*** Block opens ***

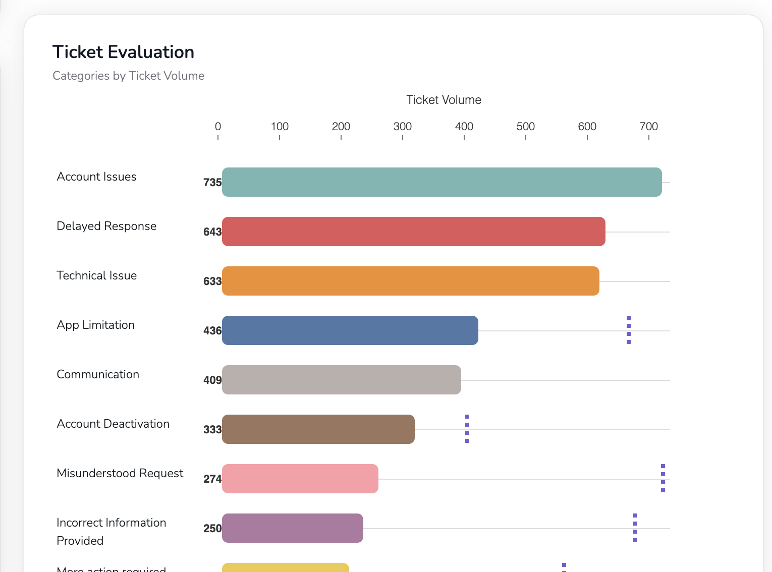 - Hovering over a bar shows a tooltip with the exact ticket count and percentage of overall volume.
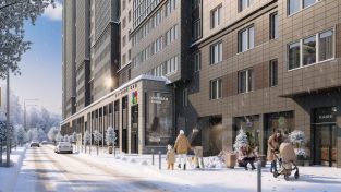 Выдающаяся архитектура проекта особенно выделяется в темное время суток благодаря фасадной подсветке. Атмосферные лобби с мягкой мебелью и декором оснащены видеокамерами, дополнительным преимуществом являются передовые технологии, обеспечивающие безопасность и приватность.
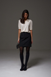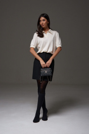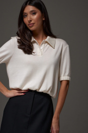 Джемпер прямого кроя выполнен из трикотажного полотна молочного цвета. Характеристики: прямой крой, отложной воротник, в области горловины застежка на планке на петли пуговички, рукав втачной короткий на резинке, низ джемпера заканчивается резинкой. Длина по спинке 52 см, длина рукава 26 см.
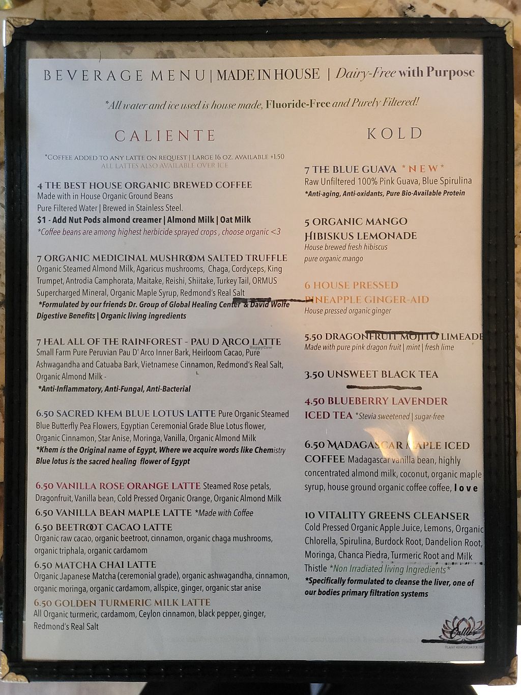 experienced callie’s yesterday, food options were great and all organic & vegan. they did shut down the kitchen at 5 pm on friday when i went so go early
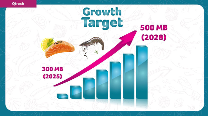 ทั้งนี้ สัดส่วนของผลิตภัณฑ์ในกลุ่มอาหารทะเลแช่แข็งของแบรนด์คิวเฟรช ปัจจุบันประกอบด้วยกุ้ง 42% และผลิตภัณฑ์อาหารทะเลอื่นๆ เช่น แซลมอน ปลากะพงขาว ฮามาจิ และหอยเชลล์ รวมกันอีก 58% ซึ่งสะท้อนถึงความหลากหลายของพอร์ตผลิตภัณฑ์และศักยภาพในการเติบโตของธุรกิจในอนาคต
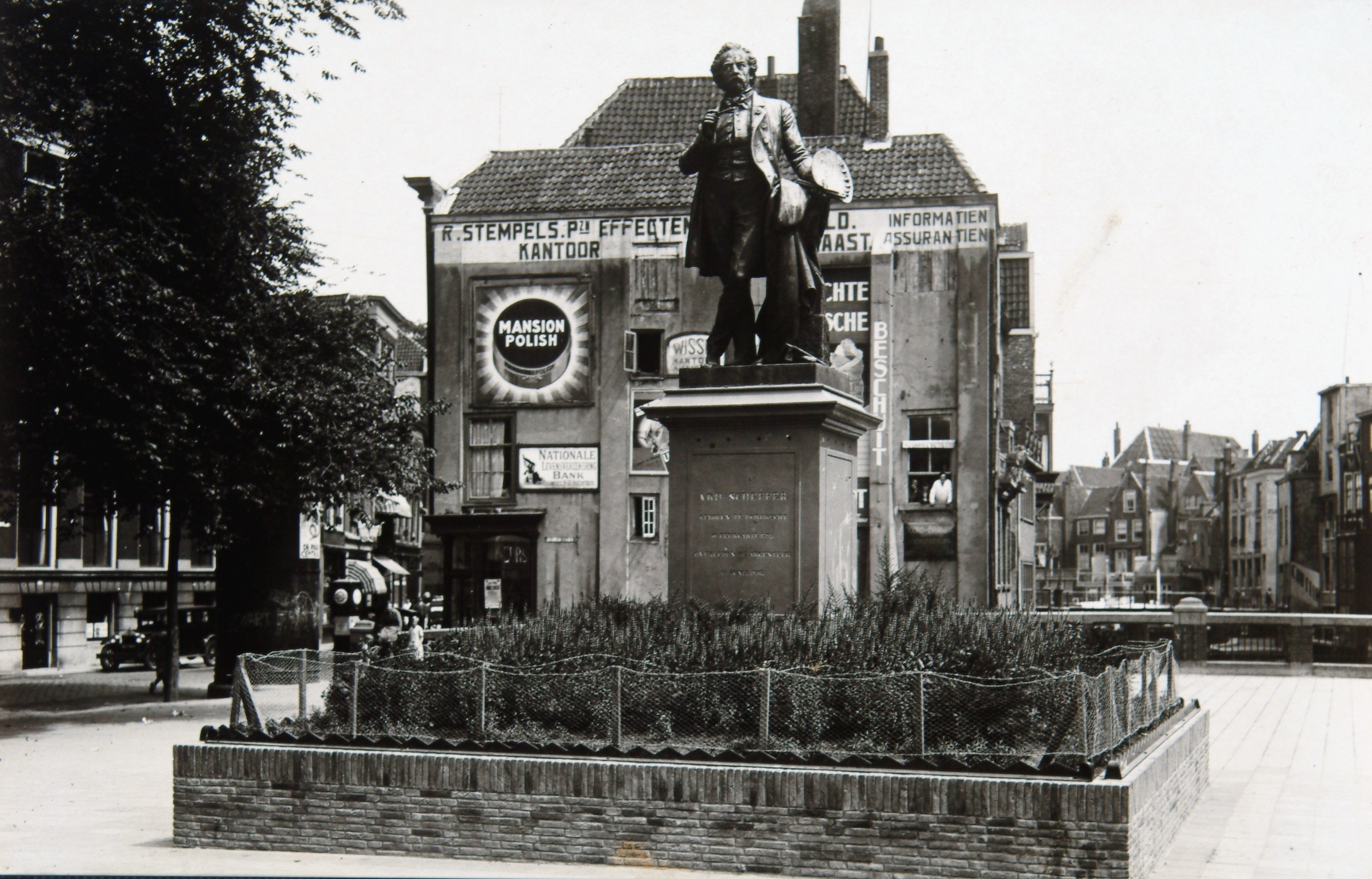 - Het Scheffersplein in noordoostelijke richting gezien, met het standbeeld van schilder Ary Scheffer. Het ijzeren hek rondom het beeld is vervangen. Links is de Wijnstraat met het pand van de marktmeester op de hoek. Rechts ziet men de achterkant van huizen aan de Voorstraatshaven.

*** Block closes ***

Verbatim output of the entries is required, with each image left out.

 - Hovering over a bar shows a tooltip with the exact ticket count and percentage of overall volume.
 Выдающаяся архитектура проекта особенно выделяется в темное время суток благодаря фасадной подсветке. Атмосферные лобби с мягкой мебелью и декором оснащены видеокамерами, дополнительным преимуществом являются передовые технологии, обеспечивающие безопасность и приватность.
 Джемпер прямого кроя выполнен из трикотажного полотна молочного цвета. Характеристики: прямой крой, отложной воротник, в области горловины застежка на планке на петли пуговички, рукав втачной короткий на резинке, низ джемпера заканчивается резинкой. Длина по спинке 52 см, длина рукава 26 см.
 experienced callie’s yesterday, food options were great and all organic & vegan. they did shut down the kitchen at 5 pm on friday when i went so go early
 ทั้งนี้ สัดส่วนของผลิตภัณฑ์ในกลุ่มอาหารทะเลแช่แข็งของแบรนด์คิวเฟรช ปัจจุบันประกอบด้วยกุ้ง 42% และผลิตภัณฑ์อาหารทะเลอื่นๆ เช่น แซลมอน ปลากะพงขาว ฮามาจิ และหอยเชลล์ รวมกันอีก 58% ซึ่งสะท้อนถึงความหลากหลายของพอร์ตผลิตภัณฑ์และศักยภาพในการเติบโตของธุรกิจในอนาคต
 - Het Scheffersplein in noordoostelijke richting gezien, met het standbeeld van schilder Ary Scheffer. Het ijzeren hek rondom het beeld is vervangen. Links is de Wijnstraat met het pand van de marktmeester op de hoek. Rechts ziet men de achterkant van huizen aan de Voorstraatshaven.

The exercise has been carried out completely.